Aus diesem Grund entwickelt Wienker ua ein Stufenmodell zur Herausnahme von Leistungsträgern: Danach soll sich die Darlegungslast des AG hinsichtlich der Begründung eines betrieblichen Interesses mit der Anzahl der aus der Sozialauswahl ausgenommenen AN erhöhen. Diese Anhebung der Darlegungslast erfolge in drei Stufen, je nachdem, ob ein geringer, höherer oder höchster Anteil an AN des Betriebs aus der Sozialauswahl heraugenommen werden solle. Die prozentmäßige Ausgestaltung dieser Stufen sei betriebsgrößenabhängig ausgestaltet, wobei als Grundregel gelte: Je kleiner der Betrieb – auch hier wird zwischen klein, mittel und groß unterschieden –, desto höhere Grenzwerte sollen für jede einzelne Stufe geschaffen werden. Diesem Ergebnis entsprechend erarbeitet der Autor zudem einen Vorschlag zur Neuregelung dieser Materie iS eines den § 1 Abs 3 Satz 2 dKSchG konkretisierenden neuen Abs 3a leg cit.

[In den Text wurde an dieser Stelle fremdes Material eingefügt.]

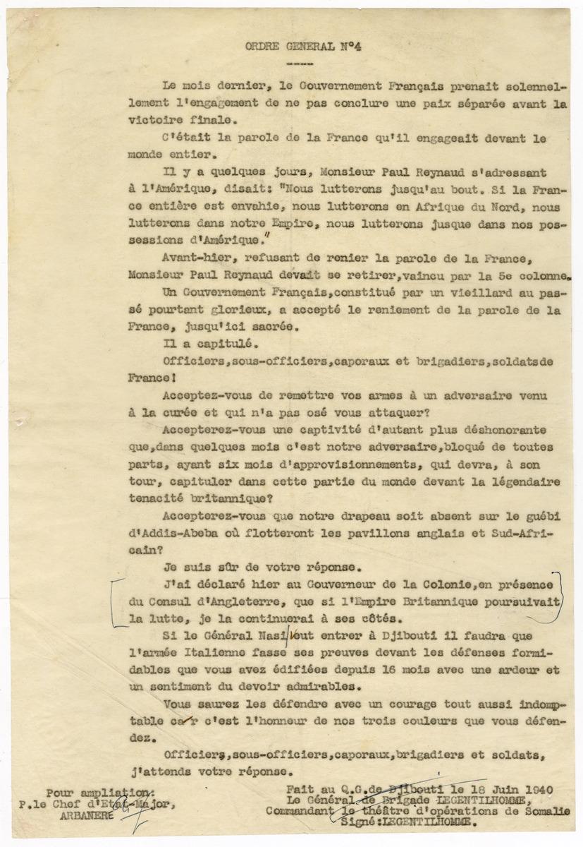 A la veille de la guerre en janvier 1939 le général Legentilhomme est commandant supérieur des troupes françaises en Côte des Somalis. Dès le 18 juin 1940 à Djibouti dans son "Ordre Général n° 4" il dénonce l'armistice et annonce son intention de continuer la guerre aux côtés de l'Empire britannique. Il tente avec l'aide du colonel de Larminat de rallier la colonie à la France libre mais en vain. Il est remplacé le 22 juillet 1940 et quitte les Somalis le 2 août pour rallier le général de Gaulle et rejoindre l'Angleterre où il débarque le 31 octobre 1940.Numéro d'inventaire : N499
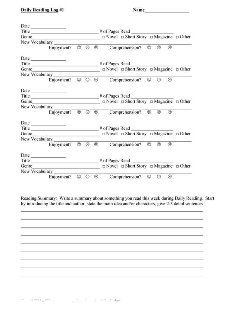 47 Printable Reading Log Templates for Kids Middle School Adults
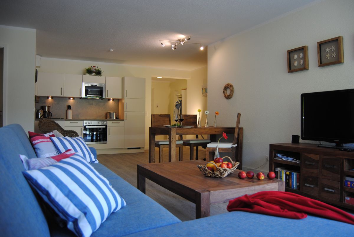 Die Ferienwohnung "Blaubärstrand" ist eine exklusive Unterkunft im "Strandhaus" Juliusruh. Sie ist komfortabel eingerichtet und liebevoll mit maritimen Accessoires gestaltet. Direkt hinter der Düne vom Seebad Juliusruh gelegen, können Sie die Ruhe und direkte Nähe zur Ostsee auf dem Balkon oder am Strand genießen.Das kombinierte Wohn- und Esszimmer ist mit einem großen LCD-Fernseher, Gesellschaftsspielen und Büchern ausgestattet. Das bequeme Sofa lässt sich zum Doppelbett für die 3. und 4. Person ausklappen und garantiert einen erholsamen Schlaf. Zusätzlich gibt es einen schönen Sessel, um auch von drinnen den Blick auf die Ostsee zu genießen. In der exklusiv eingerichteten Küche können Hobbyköche und –köchinnen ihre Lieblingsmahlzeiten zubereiten, den Abwasch erledigt eine Spülmaschine. Den Tag kann man bei einem guten Glas Wein auf dem Balkon mit Meerblick entspannt ausklingen lassen. Im Schlafzimmer gibt es zweiten LCD-Fernseher und ein Doppelbett mit qualitativ hochwertigen Matratzen. Kinder sind hier auch willkommen: Hochstuhl und Babybett warten schon! Das geräumige Bad verfügt über eine Echtglas-Dusche und eine Fußbodenheizung. Mit dem Fahrstuhl erreicht man problemlos die Sauna im Keller, welche zur eigenen Nutzung reserviert und ohne zusätzliche Kosten genutzt werden kann. Waschmaschine und Trockner stehen im Haus zur Verfügung. Ein Parkplatz vor dem Haus ist ebenfalls vorhanden.
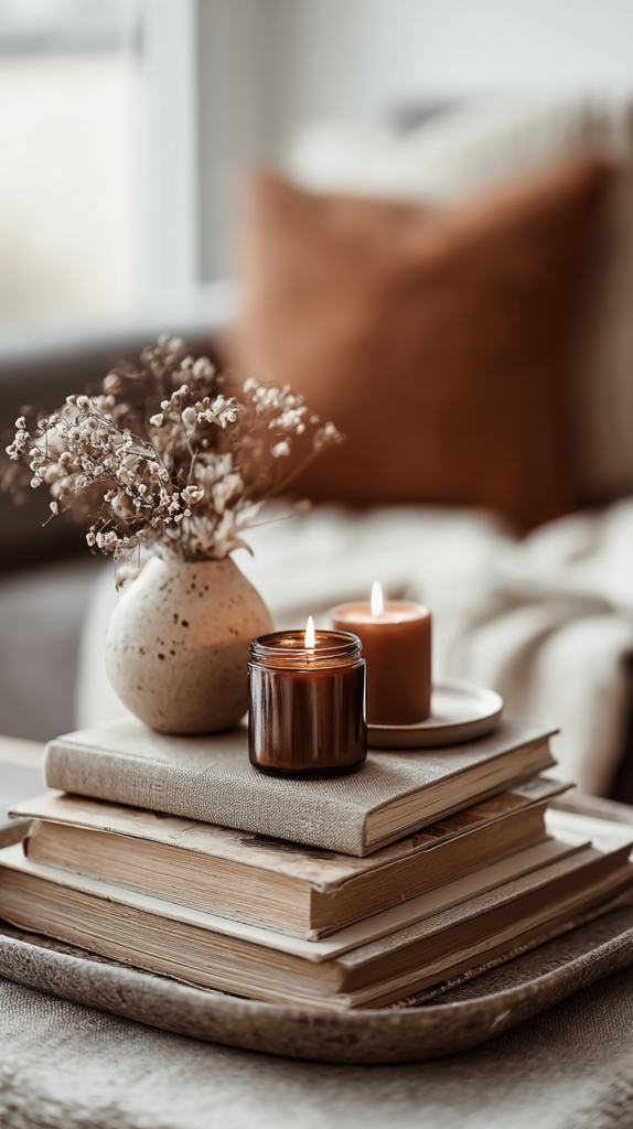 Bücher, alte Kerzenhalter oder kleine Fundstücke aus dem Flohmarkt machen dein Wohnzimmer persönlich und einzigartig. So wirkt der Boho Vintage Look nie steril.
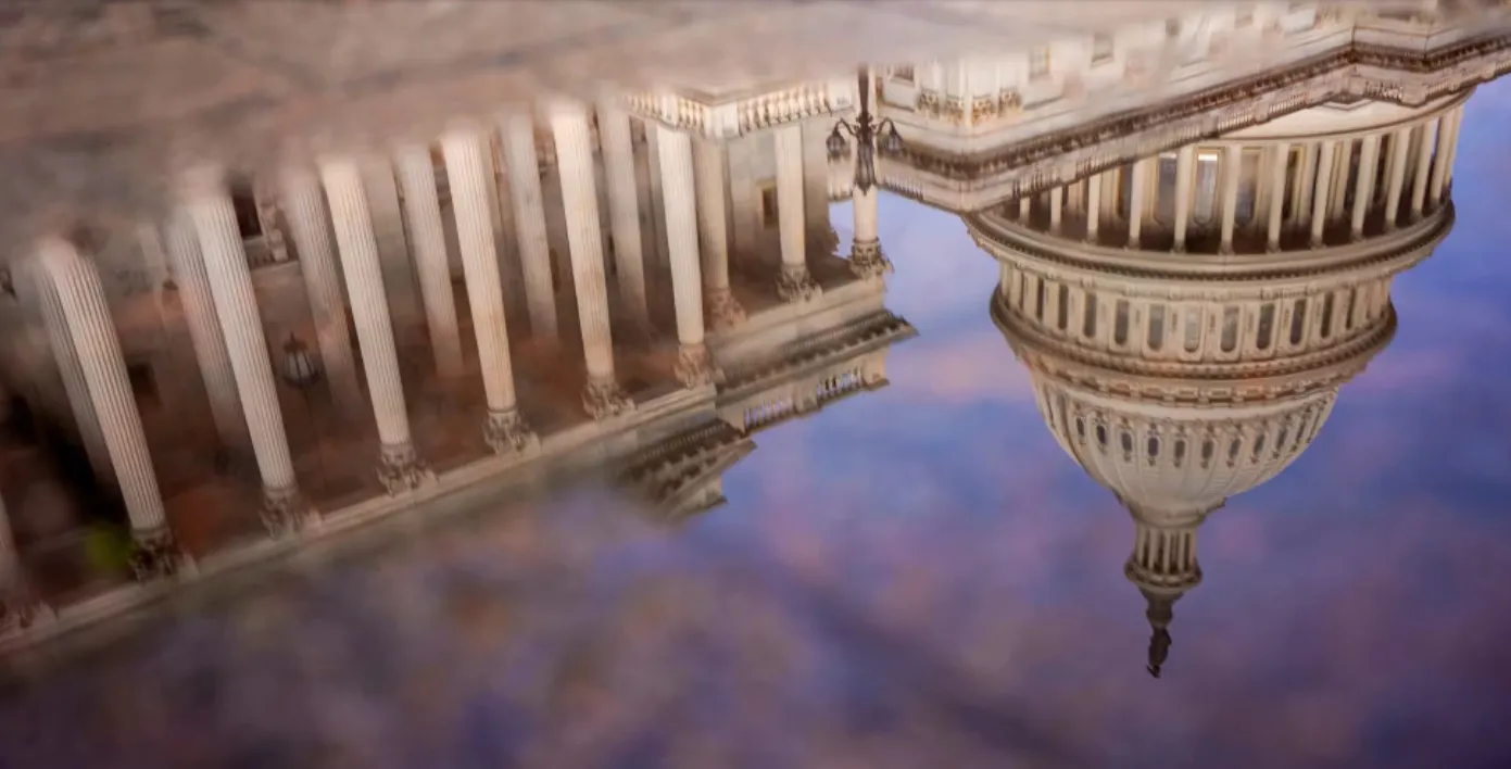 Ảnh phản chiếu mái vòm của Tòa nhà Quốc hội Mỹ. Nguồn: CNBC

Obwohl die von Wienker herausgearbeiteten Ergebnisse zum dKSchG mangels ähnlich konkreter Anordnung der Beachtung der AG-Interessen in § 105 Abs 3c ArbVG nicht direkt auf den Sozialvergleich umgelegt werden können, lohnt sich die Lektüre dieser Arbeit. Insb könnte sie Anstoßpunkt weiterer Überlegungen und Diskussionen sein, wie und in welchem Ausmaß berechtigte AG-Interessen im Rahmen des Sozialvergleichs auch in Österreich de lege lata (durch Ausgestaltung unklarer Gesetzesbegriffe in § 105 Abs 3c ArbVG, wo die AG-Interessen bisher teilweise beachtet wurden) oder de lege ferenda berücksichtigt werden können.